1x0035;CM # ASHTRA VOWEL SIGN AA
1x0036;CM # ASHTRA VOWEL SIGN I
1x0037;CM # ASHTRA VOWEL SIGN II
1x0038;CM # ASHTRA VOWEL SIGN U
1x0039;CM # ASHTRA VOWEL SIGN UU
1x003A;CM # ASHTRA VOWEL SIGN VOCALIC R
1x003B;CM # ASHTRA VOWEL SIGN VOCALIC RR
1x003C;CM # ASHTRA VOWEL SIGN VOCALIC L
1x003D;CM # ASHTRA VOWEL SIGN VOCALIC LL
1x003F;CM # ASHTRA VOWEL SIGN E
1x0040;CM # ASHTRA VOWEL SIGN EE
1x0041;CM # ASHTRA VOWEL SIGN AI
1x0042;CM # ASHTRA VOWEL SIGN O
1x0043;CM # ASHTRA VOWEL SIGN OO
1x0044;CM # ASHTRA VOWEL SIGN AU
1x0045;CM # ASHTRA SIGN VIRAMA

1x0046;NU # ASHTRA DIGIT ZERO
1x0047;NU # ASHTRA DIGIT ONE
1x0048;NU # ASHTRA DIGIT TWO
1x0049;NU # ASHTRA DIGIT THREE
1x004A;NU # ASHTRA DIGIT FOUR
1x004B;NU # ASHTRA DIGIT FIVE
1x004C;NU # ASHTRA DIGIT SIX
1x004D;NU # ASHTRA DIGIT SEVEN
1x004E;NU # ASHTRA DIGIT EIGHT
1x004F;NU # ASHTRA DIGIT NINE

If the character shown as proposed for 1x0500 in the Saurashtra proposal L2/03-098 were to be encoded, it would have linebreaking property as shown below:

1X0050;AL # unidentified Saurashtra letter

Other Property Values (Proplist.txt)

The Script property value for all of the characters in the proposal (1x0000 through 1x004F) should be "Saurashtra", and that script value should be added to UAX #24.
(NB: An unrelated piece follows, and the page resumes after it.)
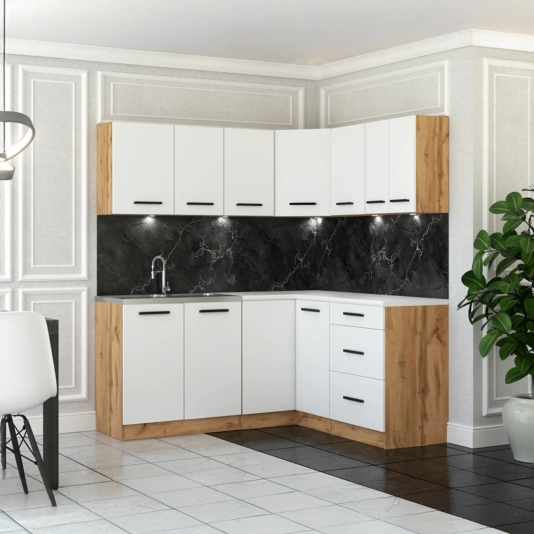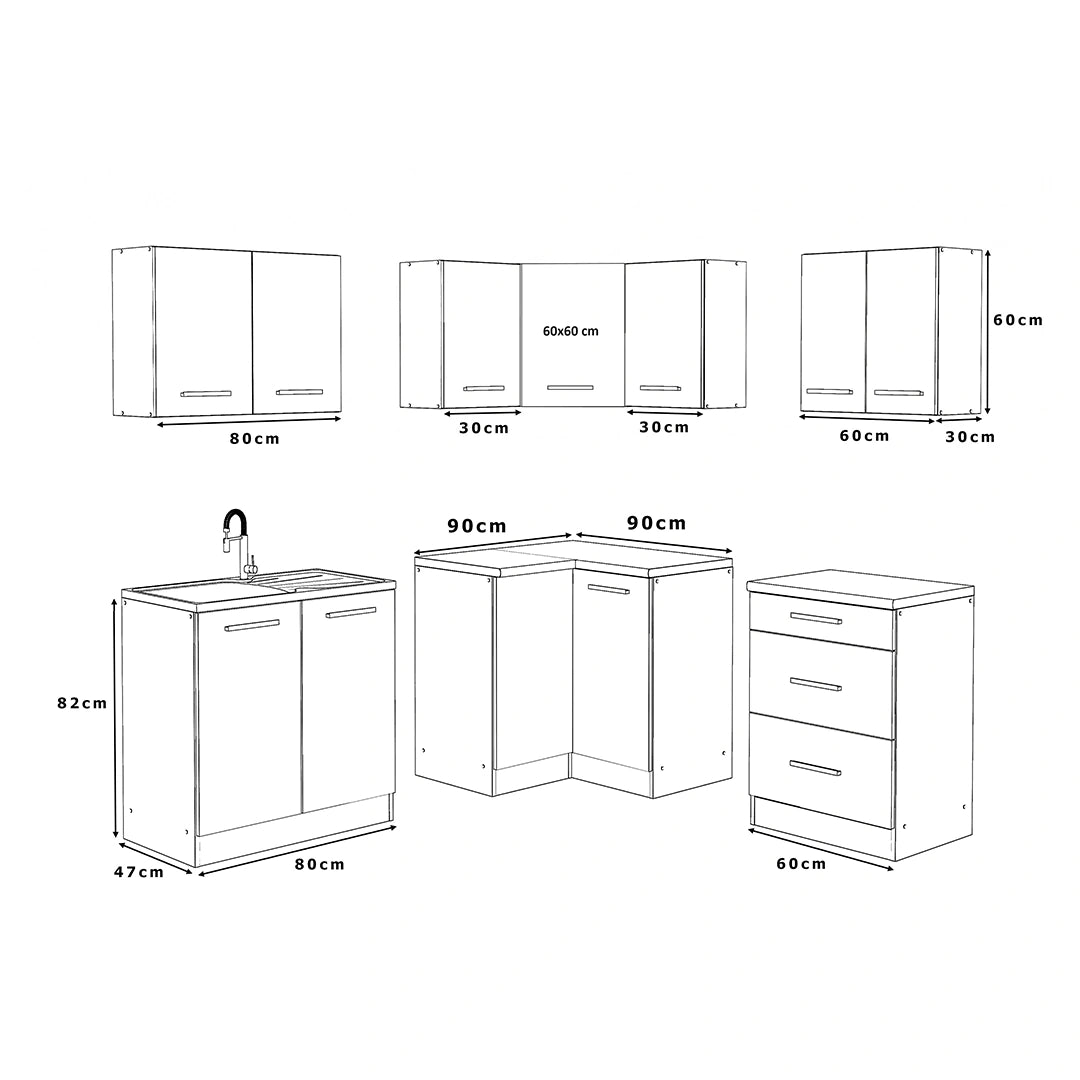 Kuchnia narożna Diana to praktyczny zestaw mebli, który świetnie wykorzystuje dostępną przestrzeń. Pojemne szafki, narożne rozwiązania i funkcjonalne szuflady sprawiają, że gotowanie i przechowywanie stają się wygodne i dobrze zorganizowane.

1x0000..1x0001 should have the Other_Alphabetic property (Proplist.txt), like U+0903.

1x0044 should have the Diacritic property (Proplist.txt), like U+094D.

No punctuation characters are specified in the proposal.

Derived Property Values

1x0002..1x0033 are all Alphabetic (Letter Other, Lo), and should end up with the derived property of Grapheme_Base.

1x0035..1x0044 are all CM and should end up with the derived property Grapheme_Extend.

There are 10 decimal digits 1x0046..1x004F, which should be checked to make sure they end up with the right numeric and/or math properties.